I think that’s an inference too far. The parts of our brain responsible for
language are quite different from those of animals, but the parts of our
brains responsible for body image, sight, hearing, locomotion and emotional
experience are pretty unremarkable compared to other higher mammals. Therefore
it seems likely that our experience of those things is unremarkable too, at
least when it comes to mammals. It’s just that we can talk about it, and they
can’t

------
gumby
With respect to the author, he has it backwards (Wittgenstein and humans’
anthropomorphic assumptions are at the core of my work these days).

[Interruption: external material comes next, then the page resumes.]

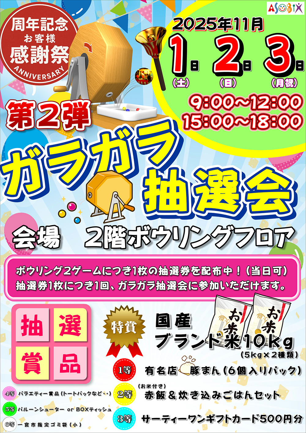 周年記念お客様感謝祭【第2弾】ガラガラ抽選会
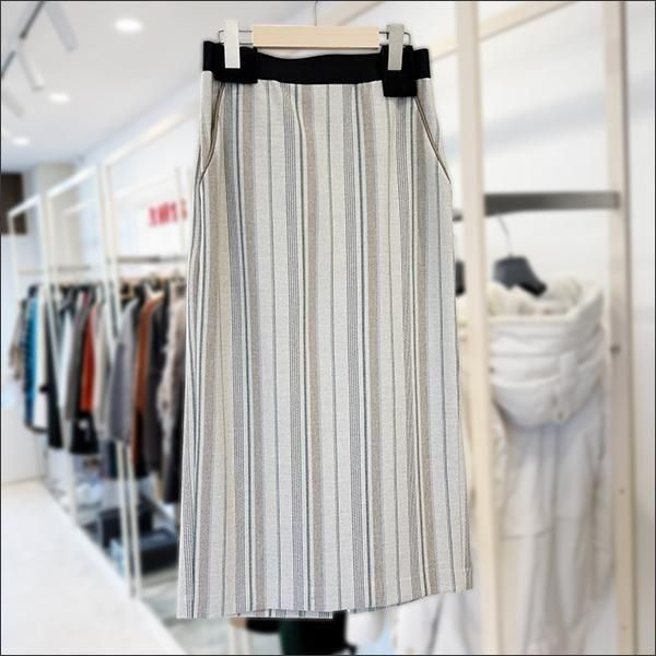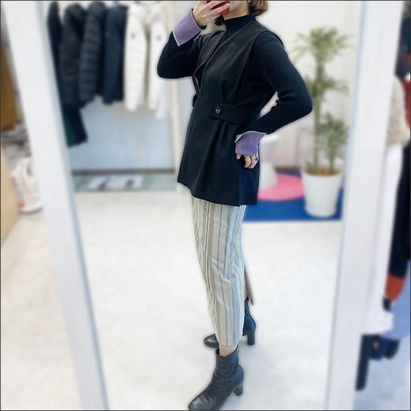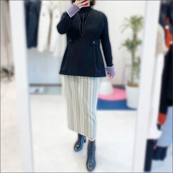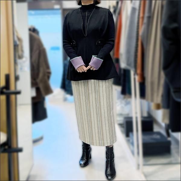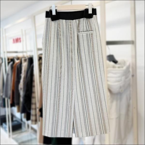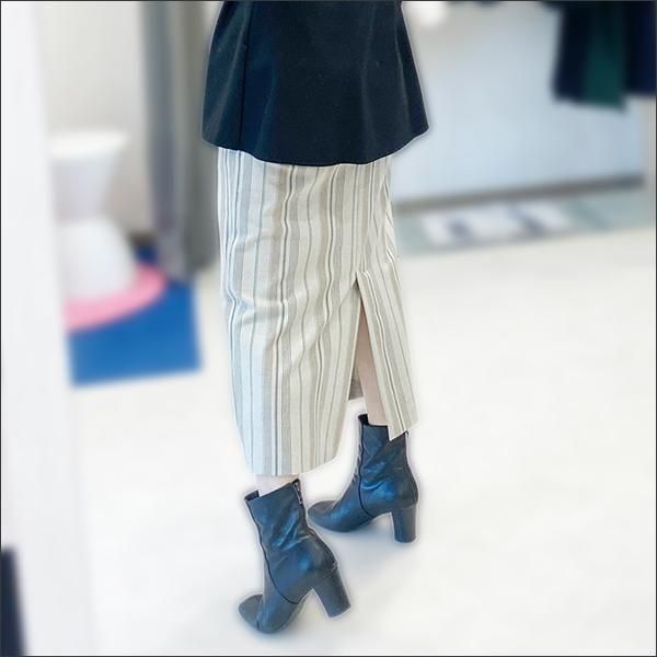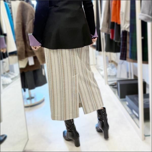 温もり感のある優しい印象のストライプが冬に映えるタイトボトムです。

Humans always discuss non-human actors in human terms. This can be useful
(think of Dennet’s “the thermostat wants to keep the room at 70degrees”) but
also lead down a false path (the “queen” of a hive isn’t the boss — innfact
there is no boss).

So the very model the author decries is a specfic tool to _avoid_ these kinds
of errors. Animals that killed humans were sometimes tried and hanged in
medieval Europe. That’s a foolish absurdism. And people do understand this —
his example of the elephant minders shown that people can adapt these models
just fine.

This conception of agency explains some opposition to, for example, self-
driving cars. People are confused when they can’t make eye contact with a
car’s driver. They make assumptions as to why certain material shows up in
their Facebook feed. Etc. I’m not working on cars, but am working on on
systems that don’t violate human assumptions.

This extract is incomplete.